Dopiero zbliżenie się do cierpienia bliskich i własnych losów,związanych niewidzialną nicią tragedii pozwala przeżyć katharsis.Ale jest to historia która wykracza poza ramy konwencji tragedii jaką nauczył nas Sofolkles-bo tylko człowiek,doświadczony przez los i sam odpowiadający nienawiścią może,z własnego wyboru dokonać niewykonalnego na pozór zadania:dojrzeć w swym oprawcy człowieka,tak jak sam nim jest,ze swoją miłością i nienawiścią.U Sofoklesa wiedza stanowi przyczynę do upadku,tutaj-do akceptacji niemożliwego.I chociaż jest to wiedza najgorsza z mozliwych-ona jest prawdą,która oświeca.
Myślę że ludzie nie dzielą się na "złych" i "dobrych".Myślę,że w każdym z nas jest część dobra i zła i do wielu zmiennych zależy jaką stronę siebie pokażemy.

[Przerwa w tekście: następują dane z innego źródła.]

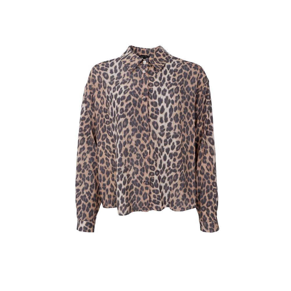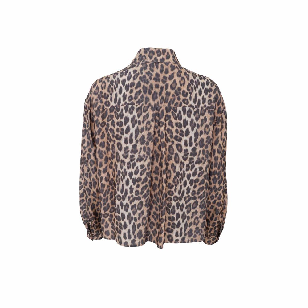 Skøn blød skjorte med leopard print i viskose. Skjorten har lange ærmer og overbetrukne knapper.
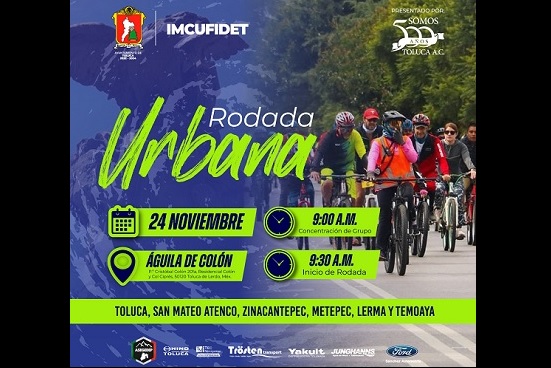 El Instituto Municipal de Cultura Física y Deporte de Toluca (IMCUFIDET) invita a todos los amantes del ciclismo a participar en la Rodada Urbana, un evento pensado para disfrutar de la ciudad y el ejercicio en un ambiente saludable, el próximo domingo 24 de noviembre a las 9:00 horas, en la Glorieta del Águila, ubicada en Paseo Colón.

Przejmujące jest w tym filmie jest ukazanie że ze zranionej miłość może powstać bezgraniczna nienawiść.
Śmierć nie zamyka ludziom ust na zawsze-oni będą żyć dalej w naszych wspomnieniach,dlatego najbardziej bolą niedopowiedziane sprawy.
To piękne,co zrobiła bohaterka bo pomimo katatonicznej traumy ze świadomości czego doświadczyła,zezwoliła na sprawiedliwość,na szczere słowa,na nazwanie nienazwalnego i niepojętego.Te słowa niosą wolność,chociaż przez łzy.